Chapter Ten - The Gulag Archipelago

Section 11 of 21


CHAPTER TEN

The Gulag Archipelago


IF YOU DISAPPEARED in Stalin’s Soviet Union, odds are you didn’t die right away.

You were sent to the Gulag.

The word comes from an acronym, Glavnoe Upravlenie Lagerei, meaning Main Camp Administration. But it became more than that. It was a system. A country inside a country. A network of labor camps stretching across the USSR from the forests of the west to the frozen tundra of Siberia.

It wasn’t one place. It was everywhere.

The Gulag held criminals, yes, but mostly it held political prisoners. People who said the wrong thing. People who got denounced by neighbors. Engineers accused of sabotage. Writers accused of pessimism. Peasants who resisted collectivization. Soldiers caught on the wrong side of a purge.

You didn’t need to do anything. You just needed to exist in the wrong moment.

Once arrested, prisoners were interrogated until they signed a confession. Usually paired with beatings, sleep deprivation, or torture. Then they were sentenced, sent off by train, and packed into cattle cars with little food or heat for days to weeks at a time.

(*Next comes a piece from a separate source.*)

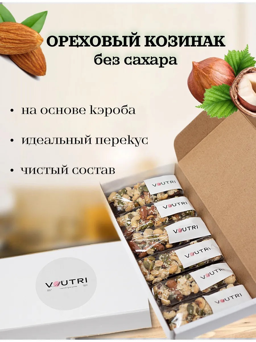 | Состав | фундук; миндаль; арахис; кешью; семена тыквы; кунжут; изомальт; какао масло; кэроб |
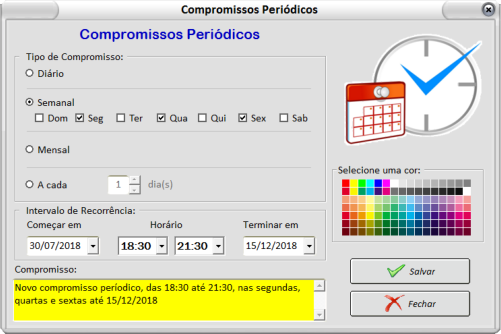 dia ou horário da sua agenda, pois

When they arrived, they found hard labor. Woodcutting. Mining. Railroad construction. Digging canals through permafrost with shovels and bare hands. There was no rest, no safety, and no privacy. The cold killed. So did starvation. So did accidents.

Some camps had death rates close to 20% a year.

And yet the state relied on them. The Gulag wasn’t just a punishment system, it was an economic engine. Prisoners built cities, harvested resources, and dug up raw materials for Soviet industry. Stalin’s industrialization campaign wouldn’t have worked without them.

By the late 1930s, the Gulag population had exploded. Over two million people were locked up. Some stayed for years. Some never left.

Others were released, broken and quiet, and told to forget it happened.

The world didn’t hear much about the camps until decades later, when Soviet dissidents like Aleksandr Solzhenitsyn published accounts based on their own time inside. That’s where the term “Gulag Archipelago” comes from: a hidden chain of islands spread across the map where lives were buried.

Stalin never apologized. The camps expanded during the war and again after. Even after his death, the system kept running for years.

He didn’t just build a prison.
He built a normal where the prison was everywhere.